The foreign sector: Trades goods and services, financial assets, and currencies with the country’s
residents.
The components of GDP (Y):
Y = C + I + G + NX
, Consumption (C): is total spending by households on goods and services.
Note on household costs:
- For renters, consumption includes rent payments
- For homeowners, consumption includes the imputed rental value of the house, but not the
purchase price or mortgage payments.
Investment (I): is total spending on goods that will be used in the future to produce more goods.
Includes spending on:
- Capital equipment (e.g. machines, tools)
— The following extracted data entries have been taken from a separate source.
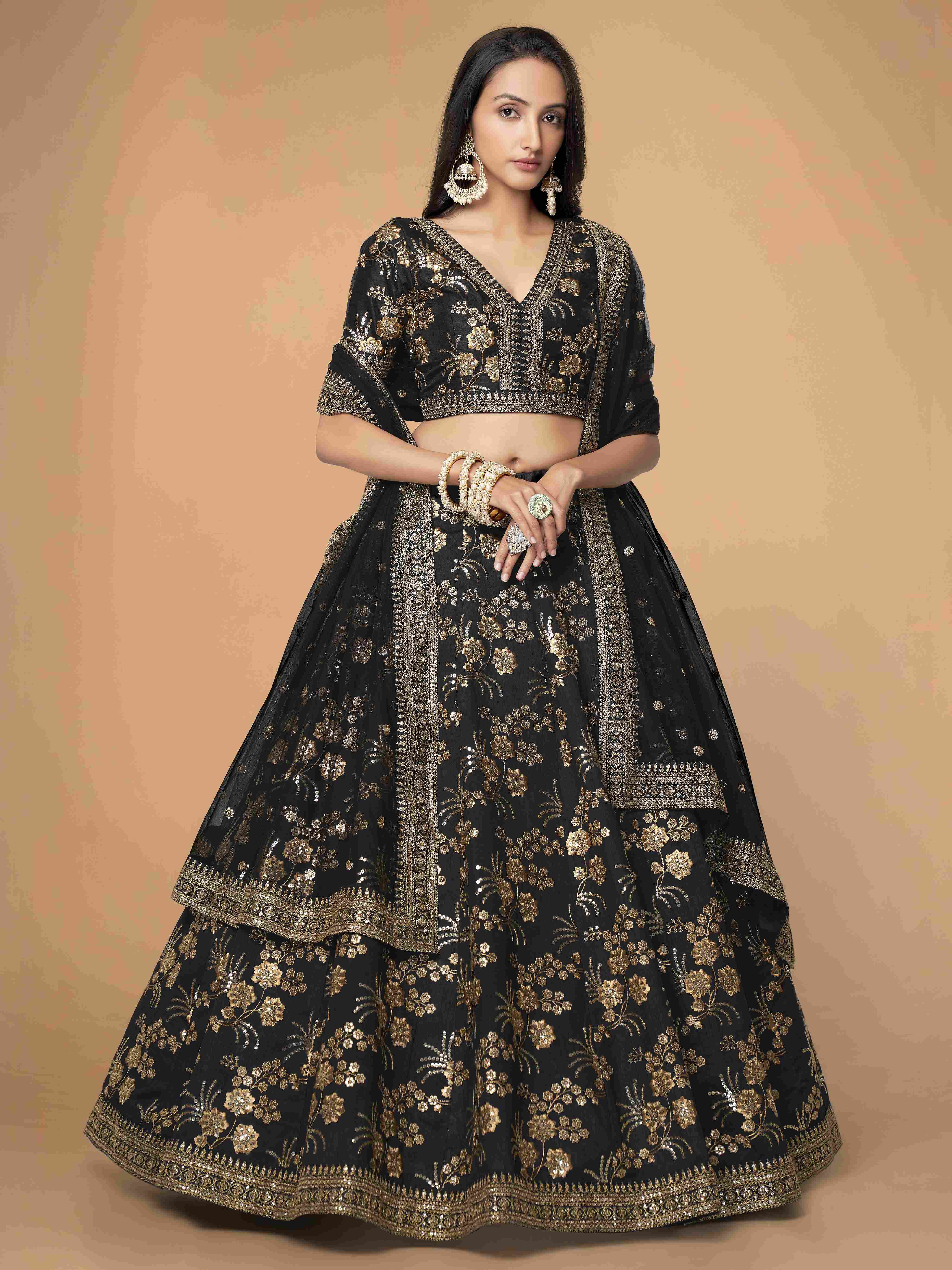 Black Sequins Dori Embroidered Net Lehenga Choli
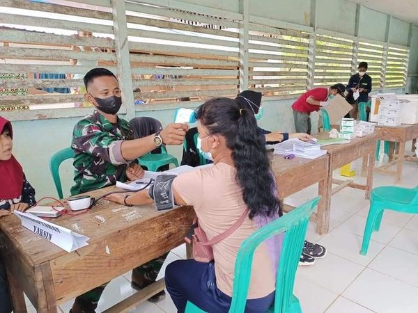 Dalam mencegah penyebaran Covid-19 anggota Satgas pos Muakan Petinggi bersama tenaga medis Puskesmas melaksanakan Vaksinasi di Balai desa untuk percepatan penanganan Covid-19.
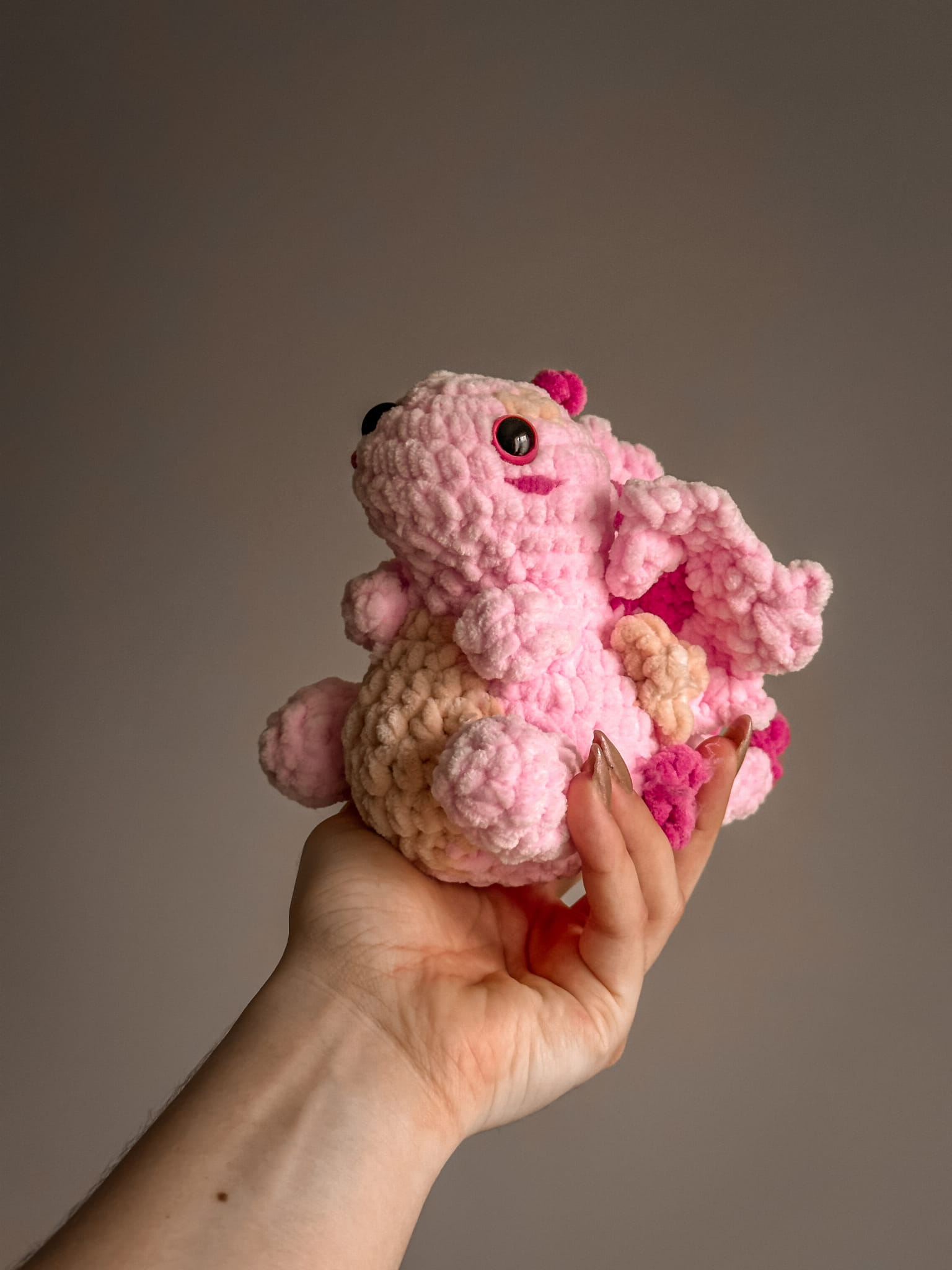 Meet this adorable crocheted dragon that will steal the hearts of both children and adults! Handcrafted from soft plush polyester yarn, it’s the perfect companion for playtime and a charming decoration for any room. This unique dragon, measuring 14x10 cm, is not only beautiful but also durable and incredibly soft to touch. A perfect gift for any occasion!
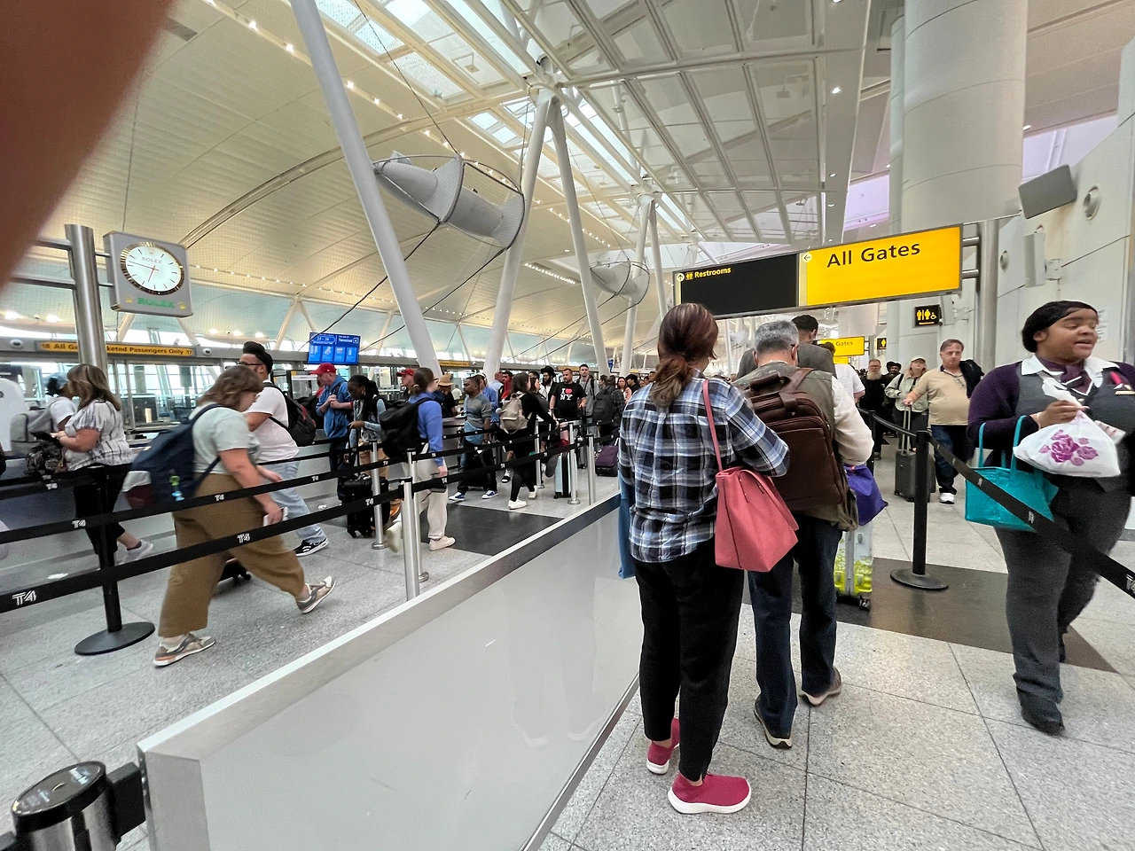보안 점검(Security Check) 줄이 말도 안 되게 길다. 검색대 입구 앞에서 인사하고 포옹하고 갖은 이별 세레머니 다 한 후 들어오면 쭉쭉 검색대로 가서 신발 벗고 여행자 모드 바꿔 끼는 게 아니었던가? 입구를 들어서자마자 최소한 서너 겹은 겹겹이 서서 매의 눈으로 지켜보는 보안 요원의 눈을 피해 새치기를 하는 인간들까지... 코로나 이후 보복 관광이라는 말을 눈으로 확인할 수 있었다. 난리통의 검색대를 지나 게이트 앞에 서니 정확히 7:35 보딩 타임이었다.
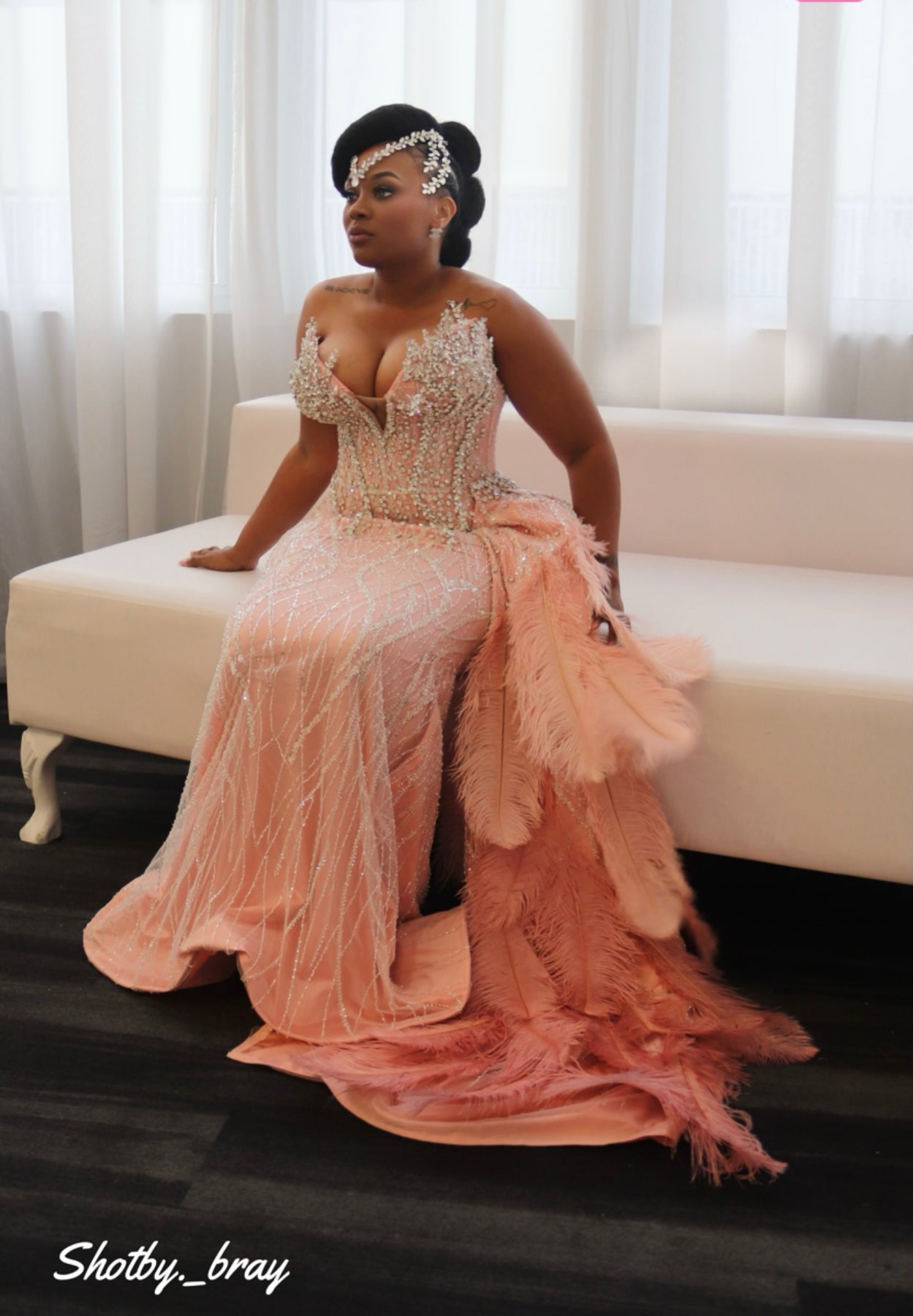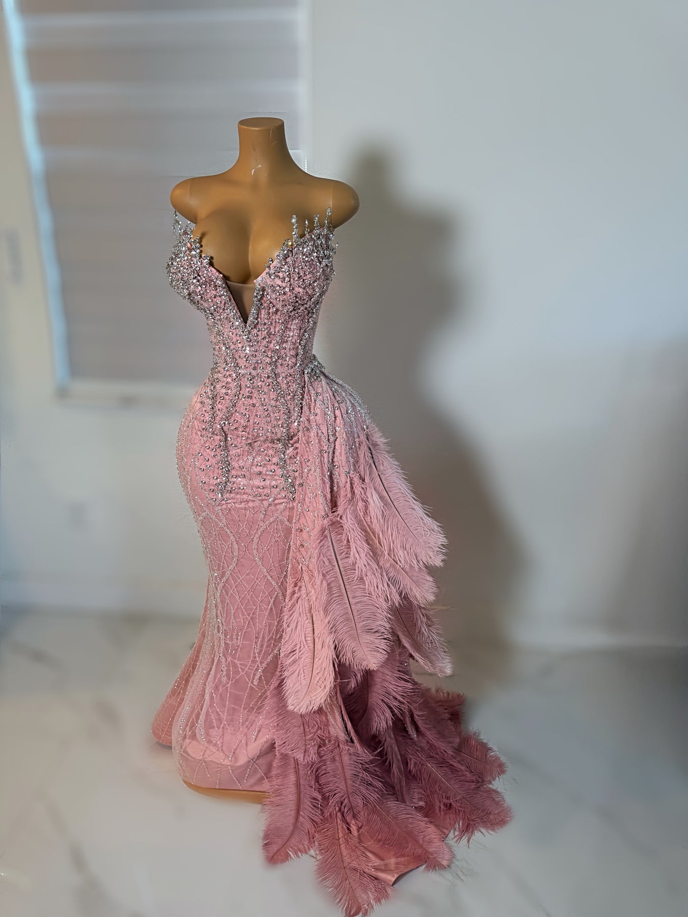 Flowing gracefully into a fitted mermaid skirt, Peppe is elevated with layers of luxurious ostrich feathers cascading down one side — a dramatic, feminine flourish that embodies timeless glamour. Designed for the woman unafraid to shine, this gown is perfect for galas, red carpets, or any unforgettable occasion.
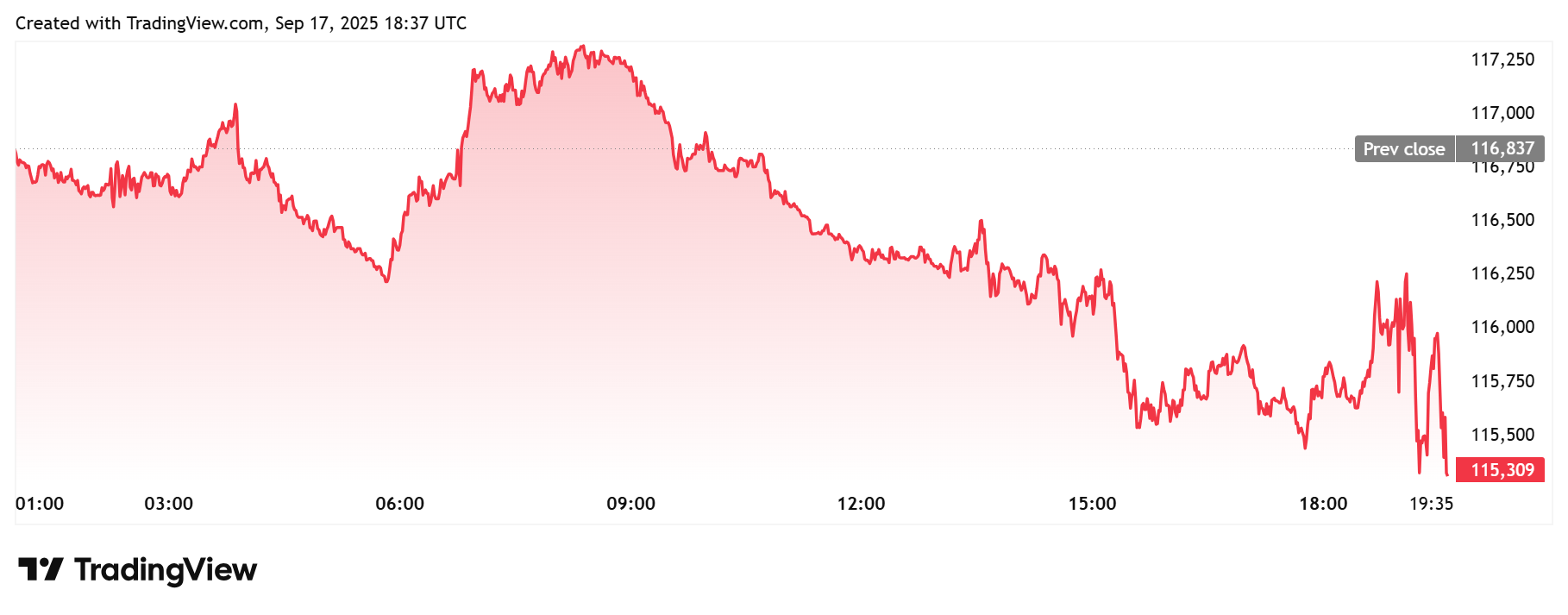 The Bitcoin price sharply dropped following the Fed rate cut decision. TradingView data shows that the flagship crypto dropped from around $116,000 and is currently trading at around $115,500.
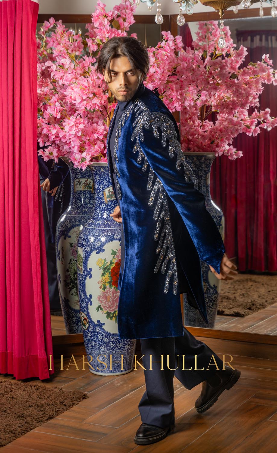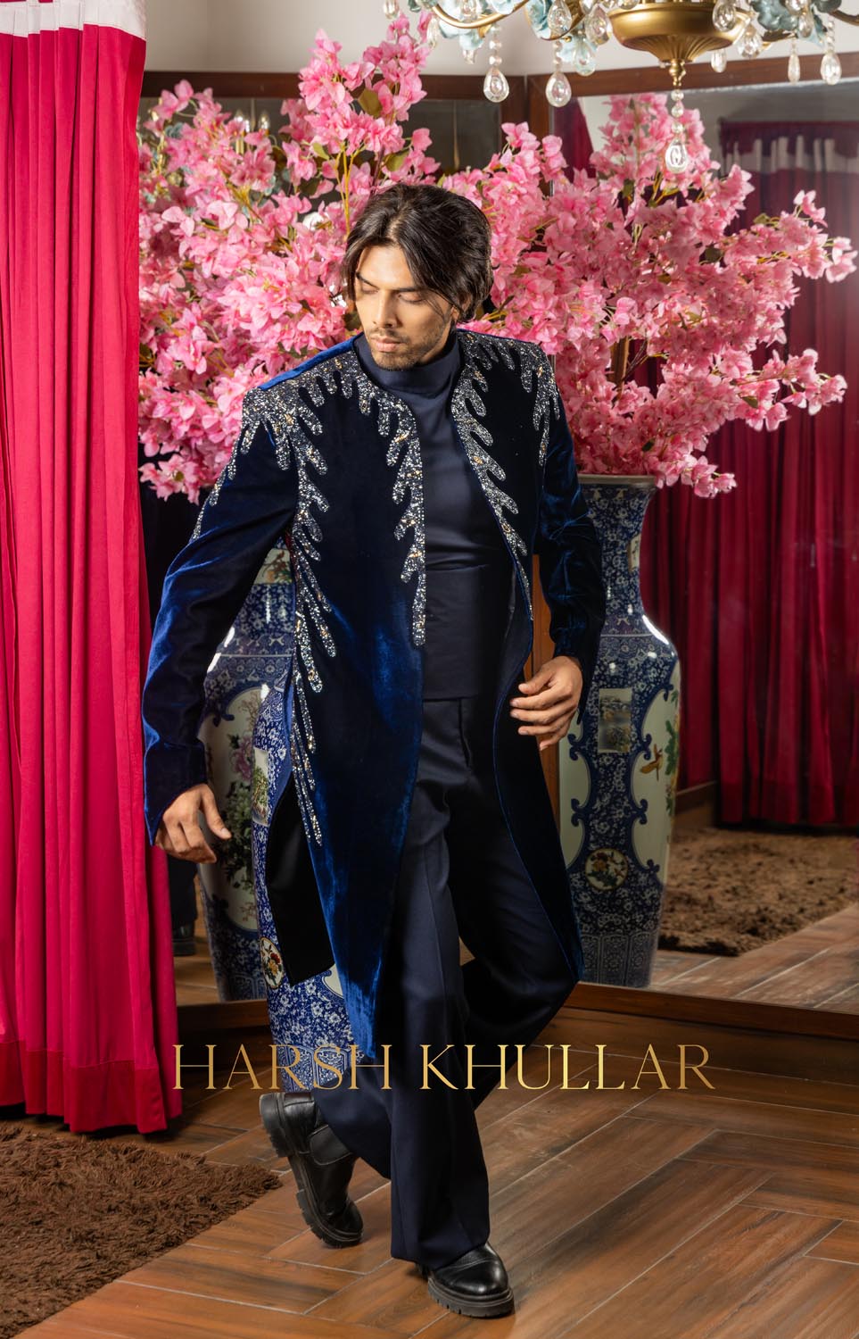 Hand embroidered using our signature Octupus motif in intricate materials .It is paired with a High neck sports look tshirt , well tailored trousers and a custom waistband , making it an ideal choice for elegant celebrations and special occasions.

- Structures (factories, office buildings, houses)
- Inventories (goods produced but not yet sold)
Note: ‘investment’ does not mean the purchase of financial assets like stocks and bonds.
Government Purchases (G): is all spending on the goods and services purchased by government at
the federal, state and local levels. Transfer payments, such as social security or unemployment
insurance benefits are excluded, they are not purchases of goods and services.
Net Exports (NX): export – imports. Exports represent foreign spending on the economy’s goods and
services. Imports are the portions of consumption, investment and government purchases that are
spent on goods and services produced abroad.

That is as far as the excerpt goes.